Partitioning data is often used for distributing load horizontally, this has performance benefit, and helps in organizing data in a logical fashion. Example: if we are dealing with a large
employee table and often run queries with
WHERE clauses that restrict the results to a particular country or department . For a faster query response Hive table can be
PARTITIONED BY (country STRING, DEPT STRING). Partitioning tables changes how Hive structures the data storage and Hive will now create subdirectories reflecting the partitioning structure like
If query limits for employee from
country=ABC, it will only scan the contents of one directory
country=ABC. This can dramatically improve query performance, but only if the partitioning scheme reflects common filtering. Partitioning feature is very useful in Hive, however, a design that creates too many partitions may optimize some queries, but be detrimental for other important queries. Other drawback is having too many partitions is the large number of Hadoop files and directories that are created unnecessarily and overhead to NameNode since it must keep all metadata for the file system in memory.
Bucketing is another technique for decomposing data sets into more manageable parts. For example, suppose a table using
date as the top-level partition and
employee_id as the second-level partition leads to too many small partitions.

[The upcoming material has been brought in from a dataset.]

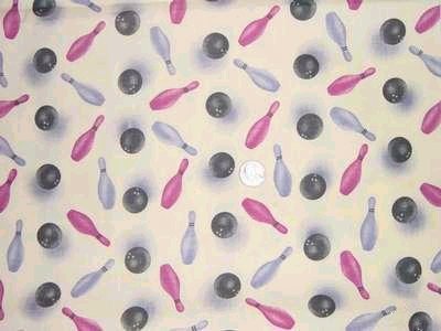 2 1/3 yds x 36" width utterly cool printed cotton novelty fabric with Bowling Pins and Balls. Fabric is clean, strudy, no spots.

Instead, if we bucket the employee table and use
employee_id as the bucketing column, the value of this column will be hashed by a user-defined number into buckets. Records with the same
employee_id will always be stored in the same bucket. Assuming the number of
employee_id is much greater than the number of buckets, each bucket will have many
employee_id. While creating table you can specify like
CLUSTERED BY (employee_id) INTO XX BUCKETS; where XX is the number of buckets . Bucketing has several advantages. The number of buckets is fixed so it does not fluctuate with data. If two tables are bucketed by
employee_id, Hive can create a logically correct sampling. Bucketing also aids in doing efficient map-side joins etc.